L'Inflation Reduction Act (2022) est un méga-programme de subventions et exonérations fiscales, à hauteur de quasi 400 milliards de dollars sur 10 ans, pour les industries engagées dans la transition énergétique. Les subventions peuvent avoir un effet de levier puissant et attirer de nombreux investissements privés américains et internationaux dans ces secteurs. Le décret favorise les entreprises installées sur le territoire américain. Par exemple, l'achat d'une voiture électrique est éligible à une subvention de 7.500 dollars par ménage à condition que le véhicule soit fabriqué dans les pays du NAFTA (Etats-Unis, Canada, Mexique). Indépendamment de la moindre efficacité sur le climat d'une politique de subventions comparée à une taxe carbone, cette politique va réorienter des investissements vers les Etats-Unis au détriment notamment de l'Europe. Si une entreprise internationale souhaite développer une solution de production d'hydrogène vert, le programme américain va rendre le projet plus rentable s'il est lancé aux Etats-Unis comparé à l'Europe. C'est par exemple le cas de la société australienne Fortescue qui constate la perte de l'attractivité de l'Union européenne face aux aides américaines.
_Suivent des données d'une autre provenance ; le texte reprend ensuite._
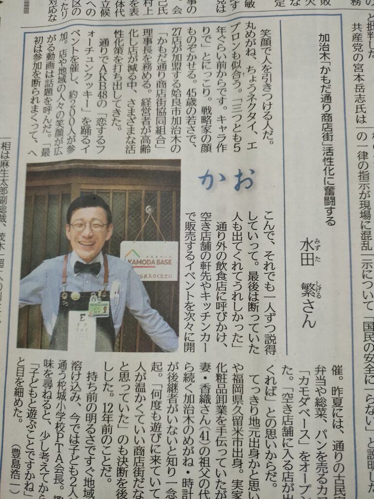 かもだ通り会協同組合の理事長がオーナーを務めるKAMODAベースが南日本新聞に取り上げられました。

Le CHIPS and Science Act (2022) est un programme de plus de 280 milliards de dollars, dont un peu plus de 50 milliards de dollars ciblent la construction d'une industrie de production de microprocesseurs avancés aux États-Unis. A ce jour, les composants avancés (circuits inférieurs à 10 nm) sont exclusivement produits en Asie (90% à Taiwan et 10% en Corée du Sud), alors que les Etats-Unis et l'Europe sont bien positionnés dans le design de ces composants. La relocalisation de la production sur le territoire national répond à trois objectifs : indépendance dans les industries clefs du futur qui s'appuient sur ces composants, indépendance dans la production d'armement, freiner la montée en régime de la Chine dans ces secteurs.

En complément, en octobre 2022, les États-Unis ont imposé un contrôle strict des exportations de microcomposants vers la Chine, pour ralentir leur apprentissage industriel dans l'intelligence artificielle et les super-ordinateurs, et, par ricochet, dans la mise au point de systèmes d'armes avancés.
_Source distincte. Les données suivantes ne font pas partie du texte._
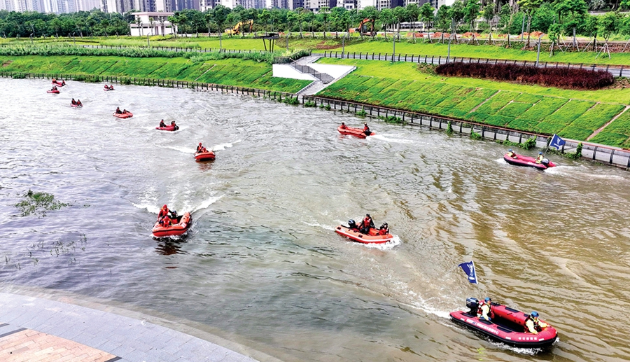 防汛救災(zāi)應(yīng)急演練現(xiàn)場。惠州日報(bào)記者許文昌 攝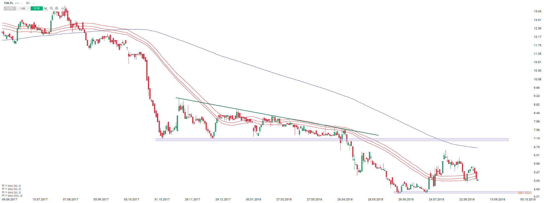 Torpol ponownie wychodzi poniżej kanału średnich 50-okresowych i kieruje się w okolice potencjalnego wsparcia w okolice 4,6 złotych. Źródło: xStation5.

3.    Que peut faire l'UE ?

Ce « coming out » assumé de l'interventionnisme économique américain, en réponse au protectionnisme notoire et de longue date de la Chine, interroge sur le possible affranchissement de l'Union européenne (UE) par rapport à ses idéaux de libre-échange. L'UE n'est pas complètement naïve en la matière. En 2013, l'UE a pris des mesures anti-dumping contre les panneaux solaires fabriqués en Chine. En 2020, l'UE a adopté un cadre légal qui permet aux pays membres d'évaluer et éventuellement de bloquer un investissement étranger hostile dans une industrie stratégique. Dans ce contexte, en novembre 2022, en s'appuyant sur la loi nationale, le gouvernement allemand a bloqué le rachat de Elmos, producteur de composants, par une entreprise chinoise. En revanche, en 2016, le groupe chinois Midea a pu acheter Kuka, un fleuron de la robotique allemande, ce qui, avec le recul, apparait comme une erreur.
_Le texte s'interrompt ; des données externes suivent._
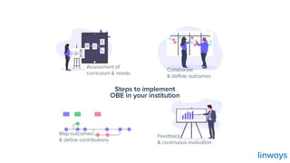 Outcome-Based Education (OBE) focuses on defined learner outcomes and continuous assessment to ensure educational goals are met, accommodating diverse learning styles. Implementation of OBE involves assessing needs, defining outcomes, collaboration among stakeholders, and continuous evaluation to guarantee achievement of educational standards. In India, OBE is endorsed by the National Board of Accreditation and the National Assessment and Accreditation Council to improve higher education quality.

En 2023, l'heure est au calibrage de la réplique européenne face aux tensions entre les Etats-Unis et la Chine sur le secteur de la haute technologie, de l'interventionnisme américain dans les industries vertes et de l'interventionnisme opaque chinois dans nombre de secteurs.

Pour réagir au programme de subventions américaines des industrie vertes, l'UE envisage d'affecter des fonds européens aux technologies propres et permettre l'empilage de plusieurs types d'abattements fiscaux pour compenser le niveau des incitations fiscales américaines. A court terme, si l'UE choisit de ne pas répondre à l'agression économique américaine, elle se trouvera dépouillée de capitaux dans ces secteurs, et prendra du retard. Si elle choisit de répondre en s'alignant et en menant une politique similaire, elle conservera ses capitaux et ses firmes mais les ressources de l'UE seront réorientées vers cette politique au détriment d'autres choix, sans garantie d'efficacité dans la poursuite de l'objectif zéro-carbone.

L'heure est également à la réflexion face au succès de la politique interventionniste chinoise dans l'industrie solaire, dans les voitures électriques et dans les batteries au lithium. Les solutions à adopter ne sont pas évidentes, en raison des divergences d'intérêt entre les pays. Pour l'Allemagne, la Chine est un client essentiel pour son industrie de machines à haute valeur ajoutée qu'il ne faut pas trop froisser, alors que pour d'autre pays comme la France, la Chine est plutôt un fournisseur dont il faudrait être moins dépendant. En revanche, la France désindustrialisée offre moins de cibles stratégiques comparée à l'Allemagne.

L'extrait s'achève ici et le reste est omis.